> _Supplied entries_:
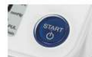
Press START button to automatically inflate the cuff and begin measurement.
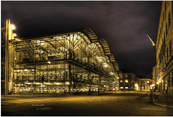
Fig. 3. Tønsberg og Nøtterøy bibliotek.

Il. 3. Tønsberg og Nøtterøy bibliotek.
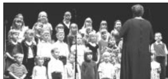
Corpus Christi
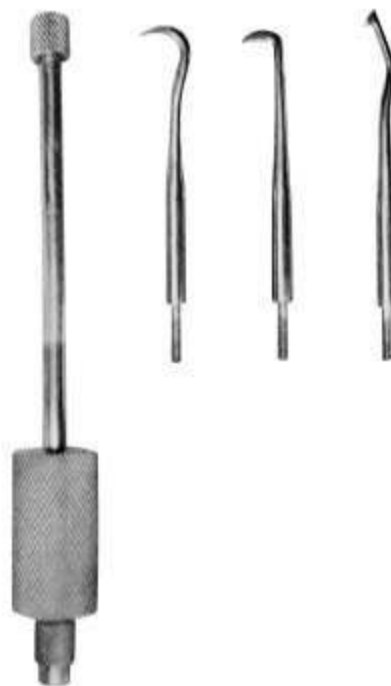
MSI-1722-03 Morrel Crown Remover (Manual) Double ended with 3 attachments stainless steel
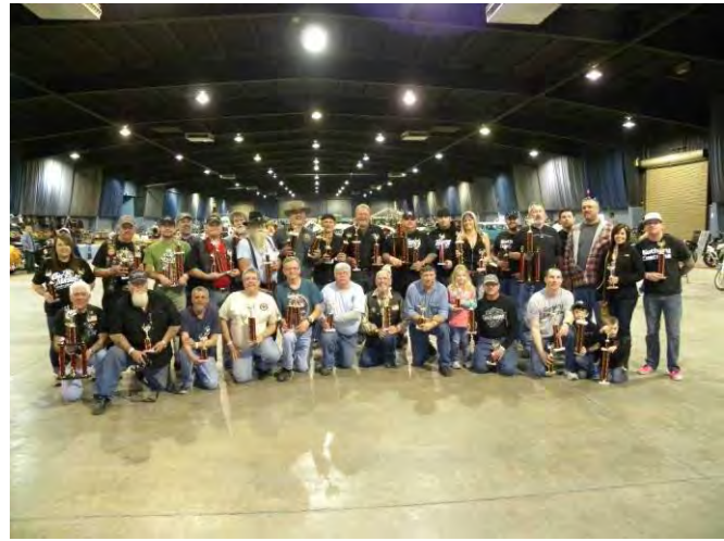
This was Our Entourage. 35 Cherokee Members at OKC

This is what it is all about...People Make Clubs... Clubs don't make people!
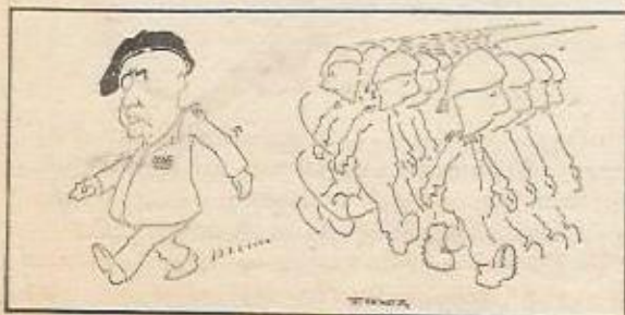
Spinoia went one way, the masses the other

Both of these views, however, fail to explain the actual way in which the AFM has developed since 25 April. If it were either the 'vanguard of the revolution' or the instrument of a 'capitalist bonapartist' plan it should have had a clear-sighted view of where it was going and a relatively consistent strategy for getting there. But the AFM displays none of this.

* * *

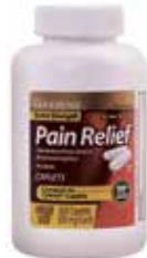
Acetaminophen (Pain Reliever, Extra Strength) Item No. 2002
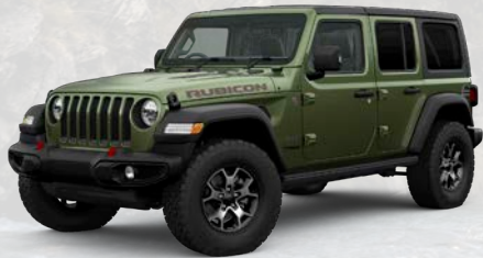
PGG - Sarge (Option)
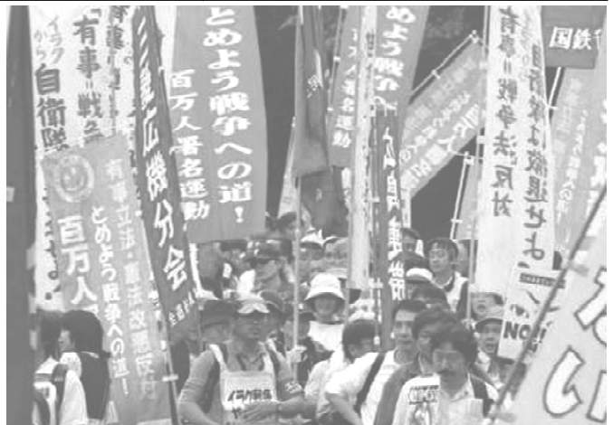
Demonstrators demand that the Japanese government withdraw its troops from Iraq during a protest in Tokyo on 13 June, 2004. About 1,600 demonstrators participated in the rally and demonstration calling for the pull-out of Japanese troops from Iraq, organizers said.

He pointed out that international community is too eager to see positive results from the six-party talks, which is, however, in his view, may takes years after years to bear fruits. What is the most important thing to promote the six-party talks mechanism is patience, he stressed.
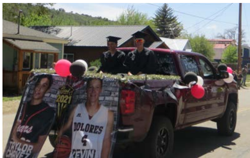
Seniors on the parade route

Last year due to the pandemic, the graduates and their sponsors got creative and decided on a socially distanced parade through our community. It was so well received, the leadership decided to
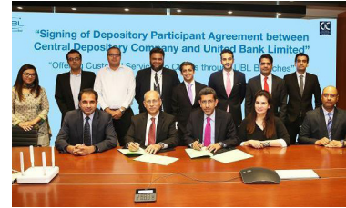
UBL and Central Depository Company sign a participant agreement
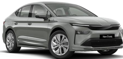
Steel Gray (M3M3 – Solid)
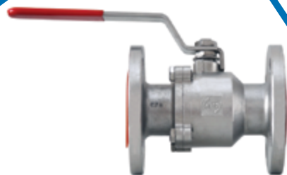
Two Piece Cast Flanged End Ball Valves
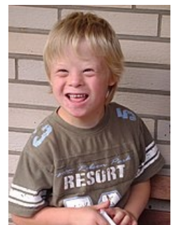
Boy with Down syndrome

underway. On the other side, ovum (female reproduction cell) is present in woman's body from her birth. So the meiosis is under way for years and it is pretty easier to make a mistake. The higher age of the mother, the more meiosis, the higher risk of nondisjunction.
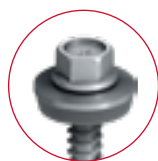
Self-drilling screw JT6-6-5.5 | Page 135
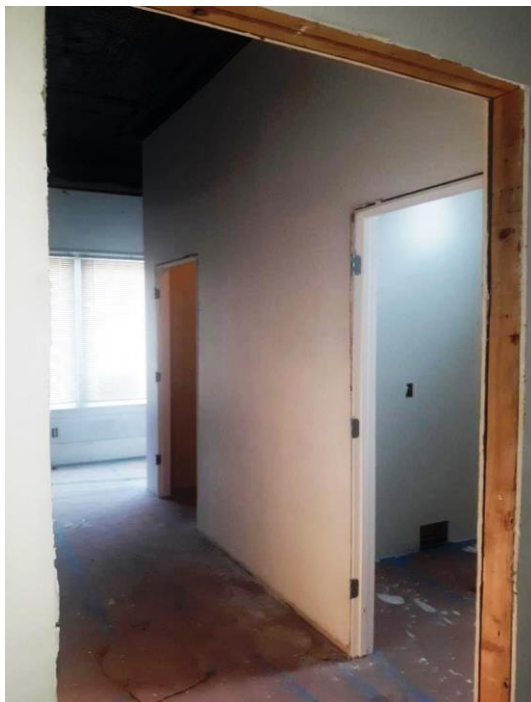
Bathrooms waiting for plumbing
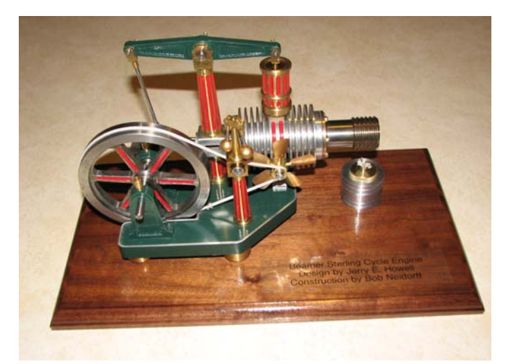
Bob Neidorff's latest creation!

==

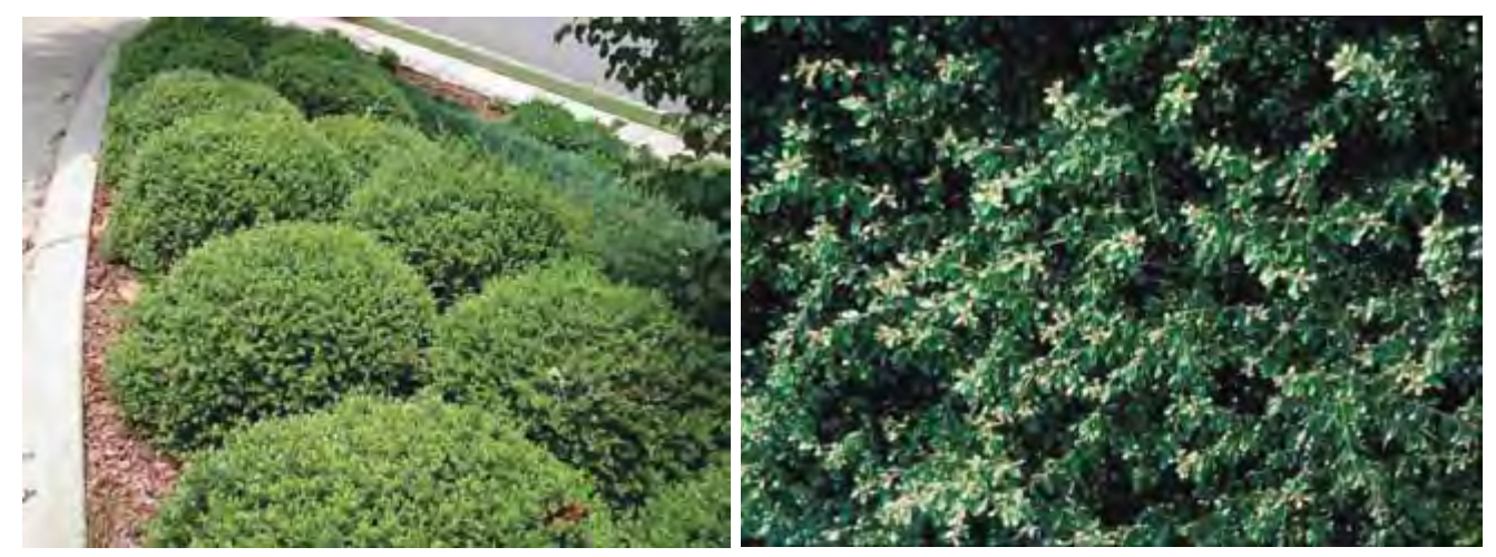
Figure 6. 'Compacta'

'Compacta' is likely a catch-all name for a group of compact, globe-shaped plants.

> _Exercise_:
Beginning with the line that contains "MSI-1722-03 Morrel Crown", write out the lines of the material above exactly, and end with the line that contains "Both of these". Omit the pictures.

> _Solution to the exercise_:
MSI-1722-03 Morrel Crown Remover (Manual) Double ended with 3 attachments stainless steel
This was Our Entourage. 35 Cherokee Members at OKC

This is what it is all about...People Make Clubs... Clubs don't make people!
Spinoia went one way, the masses the other

Both of these views, however, fail to explain the actual way in which the AFM has developed since 25 April. If it were either the 'vanguard of the revolution' or the instrument of a 'capitalist bonapartist' plan it should have had a clear-sighted view of where it was going and a relatively consistent strategy for getting there. But the AFM displays none of this.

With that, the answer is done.